In accomplishing the concept of a light and universal control of a large volume spray applicator utilizing municipal water pressures for critical mixtures, the opposite push rod portions of the slide valve having an axially aligned port are exposed to atmosphere with sectional areas that are slightly less than the valve flow area when the valve is open. Thus, the valve movement from either closed or open position can be accomplished with a light manual effort.

In brief, with the valve closed, the upstream pressure balances out for the areas of the rods and leaves only the area differential of the flow area of the port thereover to urge closing. Thus, an area of the upstream rod can be provided relatively for any actuation lightness desired. When the valve is open against the flow, the rod areas also balance out, approximately, with little if any pressure drop at the valve port leaving only the area differential of the piston valve thereover to urge maintenance of open position. Thus, the area of the downstream valve rod is designed for any lightness desired for manually actuating the valve to close. A piston valve changing its effective area in excursion can also vary the lightness of touch control.

Furthermore, seals are provided which not only terminally cushion the valve in its movement, but also are engaged over an area larger than that of the slide valve rods. This also somewhat unbalances the rod areas favorably in a direction tending to hold the valve in either terminal position. This is of particular interest with the valve in its open position where hydraulic flow might otherwise tend to close it. In one embodiment a selected portion of this hydraulic flow pressure is used to urge the valve into a closed position and the valve can be held open with slight finger pressure.

The differential in pressures across the valve port depends upon its flow area compared with the spray nozzle orifice area. A valve flow area for a predetermined differential in pressures for a particular nozzle flow area can be computed and the valve port and nozzle orifice will perform accordingly throughout a range of municipal pressures, because the nozzle flow volume varies as the square root of the pressures. Flow variations consigned to the square root of the pressure changes are substantially minimized. Moreover, a range of smaller nozzle orifices can also be used with material change in the ease of the valve operation.

IN THE DRAWINGS

FIG. 1 is a diagrammatical view of the device embodying the invention used for lawn care;

FIGS. 2 and 3 are fragmentary perspective views of the nozzle demonstrating its adjustability in two of its positions;

FIG. 4 is an enlarged sectional view taken longitudinally of the valve body, connecting conduit and spray head with the valve in open position;

FIG. 5 is a view of the valve shown in FIG. 4 with the valve moved to a position just starting or just relinquishing its closed position;

FIG. 6 is a cross-sectional view similar to FIG. 4 of a modified form of the valve of this invention shown in closed position or just as it is being released from its closed position;

FIG. 7 is a view of the valve shown in FIG. 6 with the valve in open position.

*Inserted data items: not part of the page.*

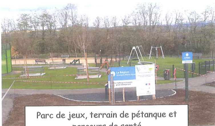
Parc de jeux, terrain de pétanque et parcours de santé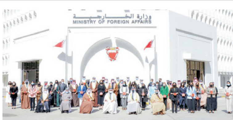
وزير الخارجية عقب تسليم منتسبي الوزارة الوسام.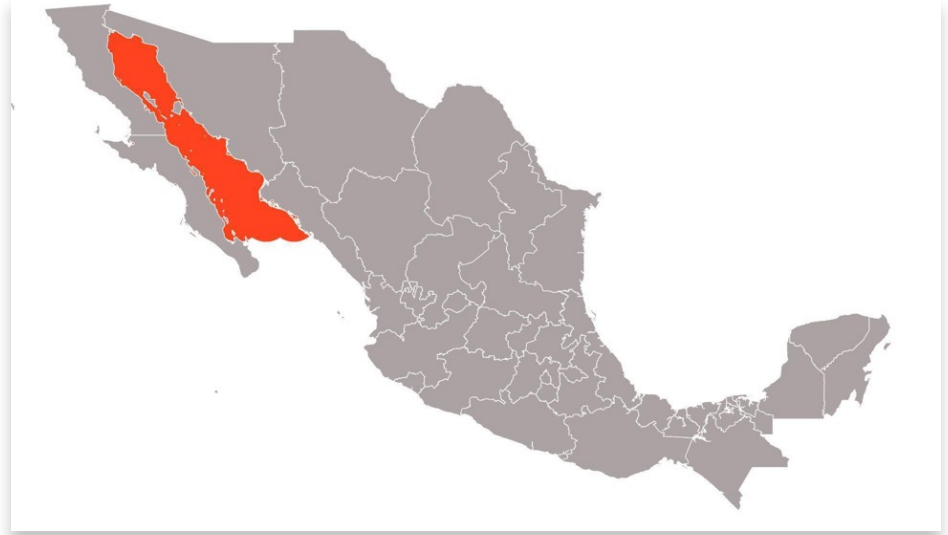
Distribución de la totoaba ( Totoaba macdonaldi ). Mapa elaborado por Daniela García Jiménez.

Distribución: Es una especie endémica, distribuida en el Alto Golfo de California (México).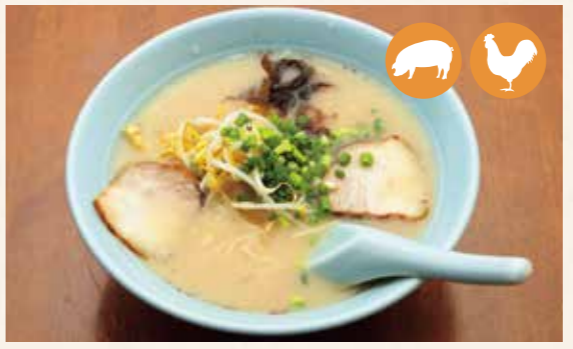
03 猪骨拉面 猪骨拉麵 돈코츠 라면 (돼지 사골 국물 라면) ¥800

FIG. 8 is a fragmentary cross-sectional view of a form of the valve of this invention modified to selectively operate two nozzles.

THE PREFERRED EMBODIMENT

Referring to the drawings in further detail, the disclosure of said application Ser. No. 625,086 is incorporated herein by reference for a fuller detailed description of the structure shown in FIG. 1 in which a fluid flow proportioning device 10 can be located at either end of a garden hose 12 that is supplied with water at municipal pressure from a valved water tap or sill cock 14, preferably through a short section of flexible hose 16. Liquid concentrate comprising water soluble area fertilizer is educted from the container 18 through a conduit 20 by the proportioning device 10 as more particularly described in Application Ser. No. 520,568 by the action of the water flowing through it and a valve control 22 is provided by which the concentrate can be selectively supplied or shut off. The concentrate can be either a fertilizer, or a herbicide, pesticide or other solutions with or without additives. The pressure drop across the proportioning device 10 is slight and with municipal pressures in various communities that can vary from 30 to 45 p.s.i. the ultimate spray pattern is very critically controlled by the action of the relative flow areas of the valve port and orifice provided in accordance with this invention at the outlet of the hose. A spray wand or applicator 26 with nozzle 30 is provided, as more particularly shown in FIGS. 2 and 3.

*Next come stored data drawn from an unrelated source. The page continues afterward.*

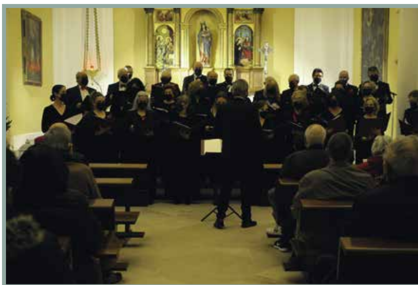
Un año más las iglesias de Boadilla acogieron conciertos interpretados por los miembros de la Escuela Municipal de Música y Danza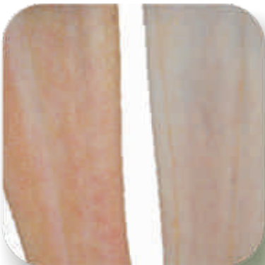
Illustration af hhv. dårligt rensat og godt rensat læderside.

The solution is, besides good fleshing, drumming on the leather side, 8-10 minutes in DT68 Leather Cleaner.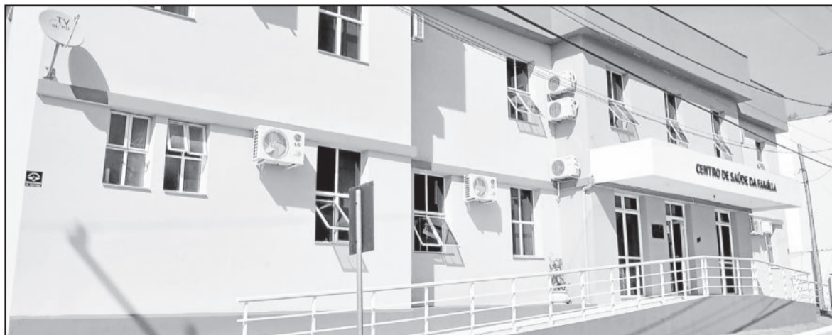
Centro de Saúde está em meio à polêmica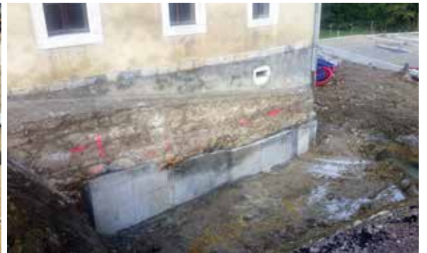
Reprise en sous-œuvre - octobre 2016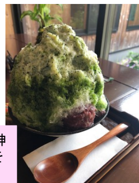
奈良といえばかき氷。村内の神籬さん。この夏最後のかき氷をいただきました♡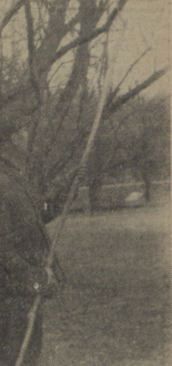
naszą ziemię”. Hasło to rzucone przez dzieci ze szkoły podstawowej z Bożnowa, woj. zielonogórskiego, podjęte przez drużyny harcerskie z różnych województw.

O dokładnym terminie egzaminu wstępnego, który odbędzie się w czerwcu br., kandydaci zostaną powiadomieni listownie przez właściwą Komendę Oficerskiego Technikum Pożarniczego.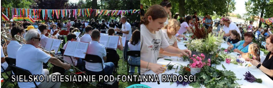
SIELSKO I BIESIADNIE POD FONTANNĄ RADOŚCI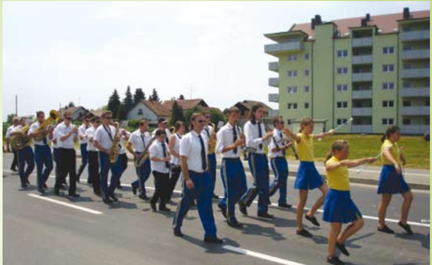
Naš najljubši pihalni orkester – Pihalni orkester občine Duplek in mažoretke sredi povorke

Praznik občine Duplek vsako leto znova navduši in razveseli številne občane. V tem času se zvrstijo številne prireditve, ki prinašajo veselje ljudem v občini in tudi zunaj nje. Najbolj pa sem vesela, da lahko del tega veselja omogoči tudi naš mažoretni klub. Vsako leto sodelujemo na zaključni prireditvi ob prazniku občine Duplek in tako imamo čudovito priložnost, da se predstavimo s svojim znanjem, ki ga pridno pridobivamo na vajah in treningih. Naše znanje in spretnosti rastejo iz dneva v dan. Verjamem, da smo številnim obiskovalcem polepšali prireditve ob zaključku Dupleškega tedna v nedeljo, 4. julija. Po aplavzu sodeč, so jim naše koreografije ugajale in so uživali ob našem nastopu. Trudile se bomo tudi v prihodnje in obljublamo, da bomo še naprej pridno vadile in se marsikaj novega naučile. Tako bomo lahko svoje bogato znanje ponovno pokazale na naslednji zaključni prireditvi ob prazniku občine Duplek.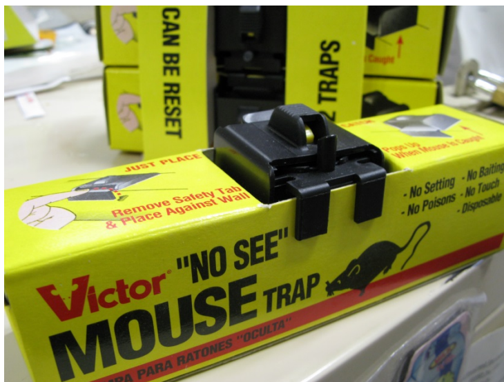
图 1 新型鼠夹

虫鼠管理业界采用诱捕方法灭鼠已是大势所趋,原因是市民大众要求以非化学方法防治虫鼠,而对大多数商业机构和住户来说,这些捕鼠器具成本效益,已能满足日常监控轻微鼠患的需要。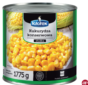
Kukurydza konserwowa słodka

gramatura 340 g / 285 g EAN 5 902 162 336 544 szt. w opak. zb. 6 szt. na warstwie 126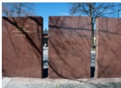
4. De tre monoliterna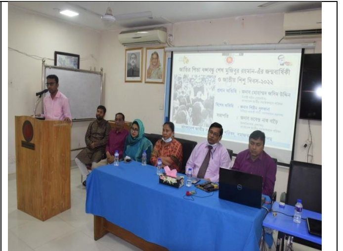
১৭.০৩.২০২২ তারিখ জাতির পিতা বঙ্গবন্ধু শেখ মুজিবুর রহমান এর জন্মশত বার্ষিকী উপলক্ষে দোয়া ও আলোচনা সভা অনুষ্ঠিত হয়।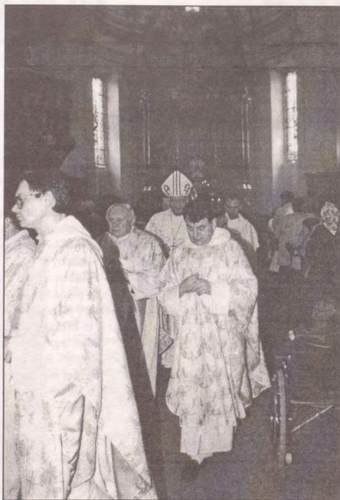
Provinciál dominikánů P. Duka přichází spolu s P. Helikarem a otcem biskupem (vzadu) k bohoslužbě

V sobotu byla sloužena ještě odpolední mše svatá, je-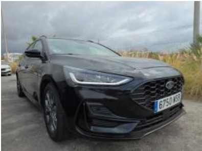
Imagen - 5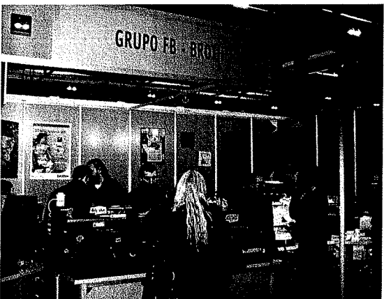
La impresora textil GT-541 que permite imprimir directamente desde un ordenador o desde una tarjeta de memoria, evitando así la complicada configuración y el elevado coste de las impresoras de serigrafía tradicionales, fue protagonista del stand de Grupo FB - Brother.

diarios que se acercaron a la zona de entrega de la bolsa publicitaria; la guía del visitante, con el plano de ubicación de todos los expositores; la zona Primer Paso, donde se ubicaron todas las empresas que exponían en Expo Reclam por primera vez; o el servicio de mensajería de MRW, con condiciones muy favorables a los visitantes del salón.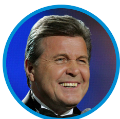
Лев ЛЕЩЕНКО народный артист России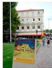
圖2：阿爾的黃色小屋場景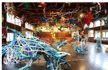
↑大地の芸術祭です。廃校活用の一例を見学することができました。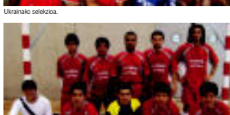
Esperanza latina selekzioa.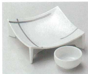
05017-139 一珍白磁プラチナ線高台四方向付 3,100円 50入 (14.1×14.1×4.7cm) 05018-139 白磁丸千代久 750円 280入 (6.3×3.3cm)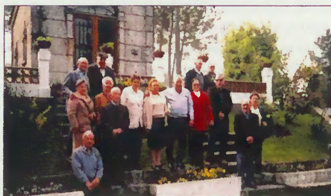
Participantes no intercâmbio

Entre os dias 16 e 25 de Junho, decorreu, na Apúlia, a Colónia de Férias Sénior, na qual participaram 14 idosos de Terras de Bouro.

The nozzle 30 is adjustably positioned rotatively on the end of the short arm 32 of an L-shaped dispensing tube 34. The orifice 36 extends axially through the body 38 where it opens on a conventional compound-convexly-curved distribution face 40 designed to provide a fan-like spray of uniform volume along the line of application. The base 42 of the body is reduced in diameter and has a cylindrical portion 44 fitting within a mating cylindrical surface at the end of the arm 32. The cylindrical portion is provided with an annular channel 46 receiving an O-ring seal 48 frictionally therein between the two elements. The end portion 42 of the base is provided with a machine thread 50 received in a corresponding threaded end portion 52 in the arm 32 to secure the nozzle in place, the threaded relationship providing for relative rotatable adjustment of the nozzle as frictionally held by the O-ring 48.

The finger controlled cut-off valve mentioned is indicated at 54 and comprises a body 56 (FIGS. 4 and 5) recessed at the outlet end, as at 58, to receive the other end of the tube 32 in sealed relationship. The inlet end of the valve body has an external flange 60 receiving a swivel nut 62 with an internal flange 64 engaging around the inside of the flange 60. An O-ring seal 66 is frictionally supported within the threaded portion 68 of the nut 62 which hold the nut in place on the body and seals the joint between the male end of the hose 12 (See FIG. 1) and the flanged end 60 of the body when secured together in dispensing relationship.

The valve body 54 can be of any desired length, but as compactly shown it has been cored in forming to have two radially spaced axially overlapping flow chambers 70 and 72 with a common wall 73 between them. The inlet chamber 70, communicating with hose 12, is shown as the upper one and the outlet chamber 72, communicating with the tube 32, is shown as the lower one. Each chamber preferably has parallel radially spaced planar upper and lower walls. The upper and lower walls of the inlet chamber 70 are indicated at 74 and 76 respectively.

A cross opening is bored by a form tool from one side of the body to the other perpendicular to the planar walls and the intermediate wall 73. The shape of the base is shown in which a cylindrical port 78 is provided through the common wall with a valve seat on the inlet chamber side of the wall 73, and cavities 80 and 82 are provided in the outer walls of the chambers receiving O-ring seals 84. One of the cavities 80 comprises a shoulder 86 supporting the O-ring surrounding an opening 87 of reduced diameter open to the atmosphere. The other cavity 82 is formed by a collar or ring 88 received in a terminal enlargement 89 of the cross bore to hold the other O-ring in place.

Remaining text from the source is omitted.